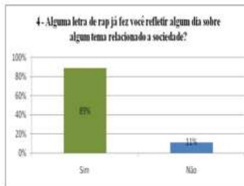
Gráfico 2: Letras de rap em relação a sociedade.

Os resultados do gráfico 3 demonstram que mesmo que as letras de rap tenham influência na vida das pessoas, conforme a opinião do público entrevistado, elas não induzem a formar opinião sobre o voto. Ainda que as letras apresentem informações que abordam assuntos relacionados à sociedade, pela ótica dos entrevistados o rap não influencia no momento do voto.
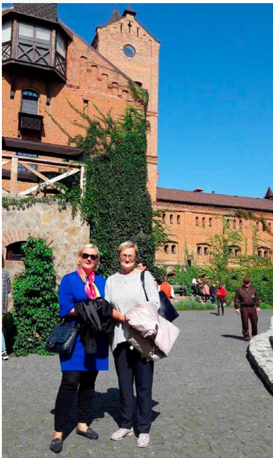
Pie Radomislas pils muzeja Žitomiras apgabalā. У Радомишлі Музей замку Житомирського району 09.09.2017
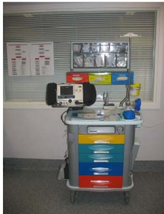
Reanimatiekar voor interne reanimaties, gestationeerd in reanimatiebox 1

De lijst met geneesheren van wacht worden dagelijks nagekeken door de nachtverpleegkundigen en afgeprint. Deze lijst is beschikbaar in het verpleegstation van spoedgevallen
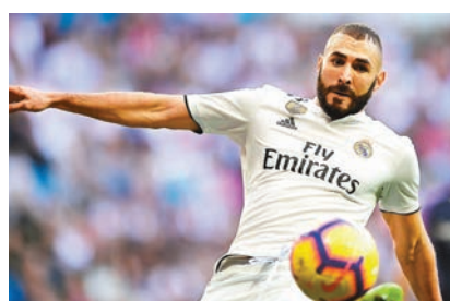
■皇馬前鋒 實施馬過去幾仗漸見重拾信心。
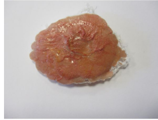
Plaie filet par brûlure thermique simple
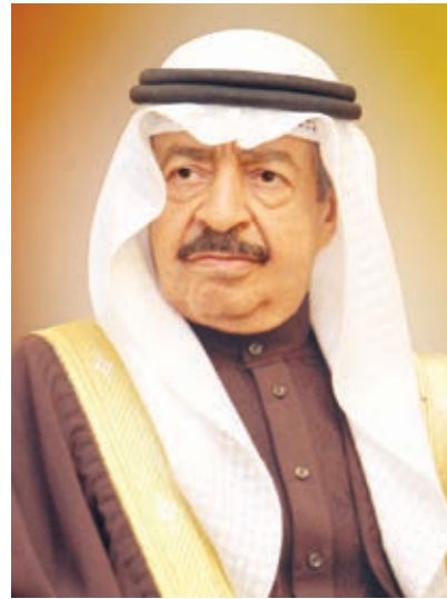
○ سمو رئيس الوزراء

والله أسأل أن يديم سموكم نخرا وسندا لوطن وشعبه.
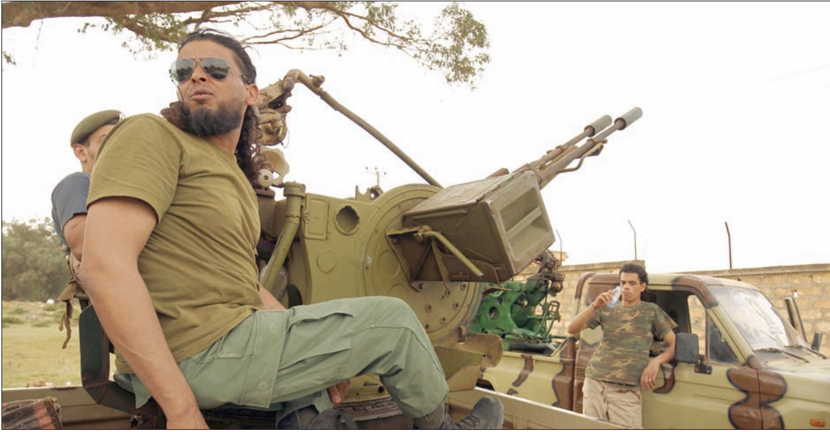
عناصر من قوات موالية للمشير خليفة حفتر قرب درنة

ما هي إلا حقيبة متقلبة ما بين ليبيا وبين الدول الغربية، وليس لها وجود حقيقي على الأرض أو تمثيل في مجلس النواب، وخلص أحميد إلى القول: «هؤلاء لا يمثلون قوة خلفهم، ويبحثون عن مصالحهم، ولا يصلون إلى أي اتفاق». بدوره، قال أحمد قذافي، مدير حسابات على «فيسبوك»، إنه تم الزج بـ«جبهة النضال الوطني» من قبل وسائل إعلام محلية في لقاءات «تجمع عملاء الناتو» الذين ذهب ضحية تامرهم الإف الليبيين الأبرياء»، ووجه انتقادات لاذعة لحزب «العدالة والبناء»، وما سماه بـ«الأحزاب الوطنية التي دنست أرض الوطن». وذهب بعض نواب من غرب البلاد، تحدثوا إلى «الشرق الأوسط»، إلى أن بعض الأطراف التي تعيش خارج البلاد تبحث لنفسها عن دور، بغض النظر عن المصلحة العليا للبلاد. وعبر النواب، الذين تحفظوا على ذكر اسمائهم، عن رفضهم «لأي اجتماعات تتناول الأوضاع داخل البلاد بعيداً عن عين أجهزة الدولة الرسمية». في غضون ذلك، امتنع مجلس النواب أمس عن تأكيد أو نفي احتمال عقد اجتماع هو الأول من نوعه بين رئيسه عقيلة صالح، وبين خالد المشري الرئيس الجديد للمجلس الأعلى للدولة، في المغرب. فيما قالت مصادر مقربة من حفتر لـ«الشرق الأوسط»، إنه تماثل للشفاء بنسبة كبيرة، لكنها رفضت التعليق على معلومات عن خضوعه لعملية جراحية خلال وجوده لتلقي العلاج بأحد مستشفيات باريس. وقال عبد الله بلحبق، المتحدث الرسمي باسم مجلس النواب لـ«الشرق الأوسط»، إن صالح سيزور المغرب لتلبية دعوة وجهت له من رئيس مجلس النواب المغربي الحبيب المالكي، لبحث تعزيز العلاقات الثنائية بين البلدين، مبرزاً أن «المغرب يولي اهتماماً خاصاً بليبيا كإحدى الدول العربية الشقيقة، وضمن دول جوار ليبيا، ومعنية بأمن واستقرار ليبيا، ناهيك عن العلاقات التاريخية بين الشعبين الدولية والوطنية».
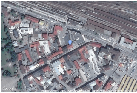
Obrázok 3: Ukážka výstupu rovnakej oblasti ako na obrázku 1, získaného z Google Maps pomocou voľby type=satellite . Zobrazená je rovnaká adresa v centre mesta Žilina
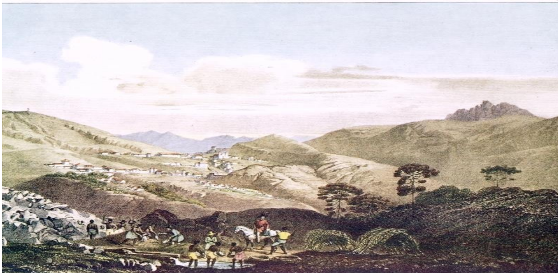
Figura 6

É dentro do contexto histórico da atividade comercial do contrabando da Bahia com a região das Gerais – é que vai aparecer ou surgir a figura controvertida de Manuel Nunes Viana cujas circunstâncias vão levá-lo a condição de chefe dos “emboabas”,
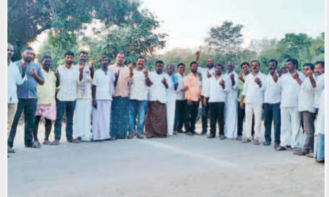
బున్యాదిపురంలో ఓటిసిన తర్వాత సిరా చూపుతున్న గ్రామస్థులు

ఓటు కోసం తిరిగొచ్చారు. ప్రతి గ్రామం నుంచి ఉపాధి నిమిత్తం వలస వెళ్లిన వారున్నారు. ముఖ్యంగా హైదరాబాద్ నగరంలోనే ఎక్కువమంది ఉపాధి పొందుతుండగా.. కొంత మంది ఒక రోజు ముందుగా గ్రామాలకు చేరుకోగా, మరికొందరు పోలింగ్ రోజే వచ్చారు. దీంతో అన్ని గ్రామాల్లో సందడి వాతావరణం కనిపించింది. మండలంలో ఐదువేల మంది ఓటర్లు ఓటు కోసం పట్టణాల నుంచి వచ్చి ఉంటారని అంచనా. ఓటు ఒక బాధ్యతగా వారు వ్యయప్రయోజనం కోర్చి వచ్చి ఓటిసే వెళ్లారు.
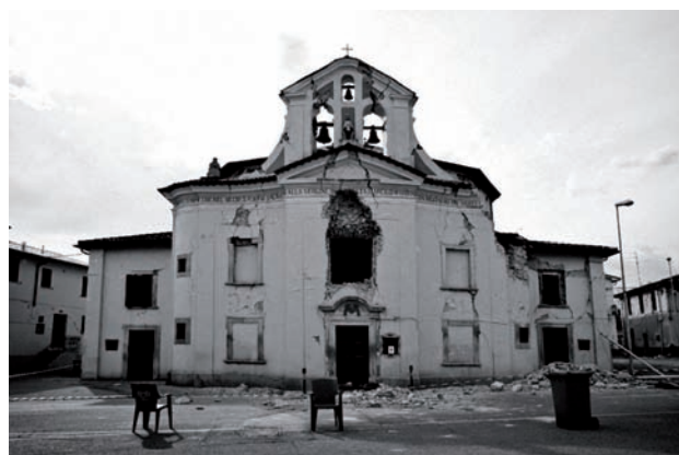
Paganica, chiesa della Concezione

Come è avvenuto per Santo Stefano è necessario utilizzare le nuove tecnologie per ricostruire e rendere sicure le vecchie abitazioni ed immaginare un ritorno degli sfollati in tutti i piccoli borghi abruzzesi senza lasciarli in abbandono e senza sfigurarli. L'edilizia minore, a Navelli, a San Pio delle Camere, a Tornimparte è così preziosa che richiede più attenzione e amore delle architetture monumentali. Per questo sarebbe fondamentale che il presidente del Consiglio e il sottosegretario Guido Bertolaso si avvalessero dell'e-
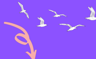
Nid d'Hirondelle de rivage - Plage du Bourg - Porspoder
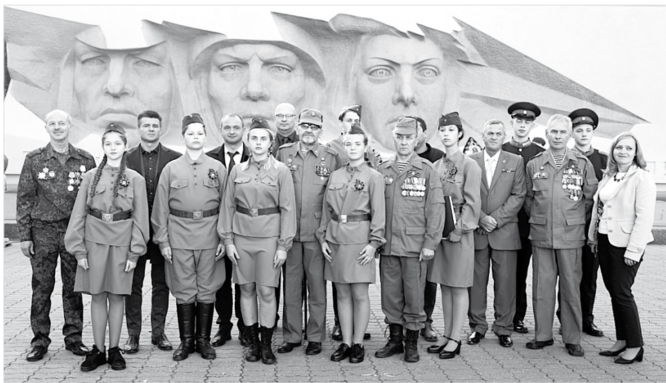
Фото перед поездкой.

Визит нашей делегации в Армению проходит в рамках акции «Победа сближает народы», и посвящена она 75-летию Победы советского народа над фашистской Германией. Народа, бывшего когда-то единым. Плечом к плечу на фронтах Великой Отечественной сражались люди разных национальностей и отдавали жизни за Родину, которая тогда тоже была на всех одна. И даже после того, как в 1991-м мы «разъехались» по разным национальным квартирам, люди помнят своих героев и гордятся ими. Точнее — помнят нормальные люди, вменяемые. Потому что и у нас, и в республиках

--

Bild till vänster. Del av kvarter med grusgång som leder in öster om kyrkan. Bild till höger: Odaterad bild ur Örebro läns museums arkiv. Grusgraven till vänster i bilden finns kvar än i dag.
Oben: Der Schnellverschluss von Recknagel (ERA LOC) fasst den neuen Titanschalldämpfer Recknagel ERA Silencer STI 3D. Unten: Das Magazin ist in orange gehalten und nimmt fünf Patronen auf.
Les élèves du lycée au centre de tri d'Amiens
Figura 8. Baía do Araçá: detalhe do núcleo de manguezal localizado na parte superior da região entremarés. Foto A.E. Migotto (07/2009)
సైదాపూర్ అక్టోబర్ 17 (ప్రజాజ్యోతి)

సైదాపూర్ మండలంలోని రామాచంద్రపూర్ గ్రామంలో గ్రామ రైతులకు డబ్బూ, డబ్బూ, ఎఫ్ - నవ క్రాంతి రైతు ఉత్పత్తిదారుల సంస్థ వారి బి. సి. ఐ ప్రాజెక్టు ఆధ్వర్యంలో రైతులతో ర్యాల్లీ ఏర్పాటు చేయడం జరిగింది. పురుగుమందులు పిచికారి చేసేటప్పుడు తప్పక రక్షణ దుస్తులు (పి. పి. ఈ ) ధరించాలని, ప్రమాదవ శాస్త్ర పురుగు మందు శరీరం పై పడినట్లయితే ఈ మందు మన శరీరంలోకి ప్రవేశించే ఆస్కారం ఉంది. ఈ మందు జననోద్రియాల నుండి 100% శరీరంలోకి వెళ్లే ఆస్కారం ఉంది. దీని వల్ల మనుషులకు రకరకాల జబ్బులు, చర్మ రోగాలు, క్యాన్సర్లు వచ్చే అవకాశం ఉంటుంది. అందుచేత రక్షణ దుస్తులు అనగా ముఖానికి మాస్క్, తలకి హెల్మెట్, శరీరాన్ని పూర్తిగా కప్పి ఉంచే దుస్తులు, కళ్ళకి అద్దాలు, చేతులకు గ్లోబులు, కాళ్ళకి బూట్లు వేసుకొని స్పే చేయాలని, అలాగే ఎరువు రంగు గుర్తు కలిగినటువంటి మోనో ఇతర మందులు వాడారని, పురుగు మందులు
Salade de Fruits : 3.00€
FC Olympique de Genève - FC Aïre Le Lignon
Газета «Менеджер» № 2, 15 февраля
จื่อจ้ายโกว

--

■ EXERCISE GOAL
From the material above, set down exactly the lines starting at the one with "Salade de Fruits : 3.00€" and ending at the one with "จื่อจ้ายโกว", end lines included.

■ SOLUTION TO THIS TASK
Salade de Fruits : 3.00€
FC Olympique de Genève - FC Aïre Le Lignon
Газета «Менеджер» № 2, 15 февраля
จื่อจ้ายโกว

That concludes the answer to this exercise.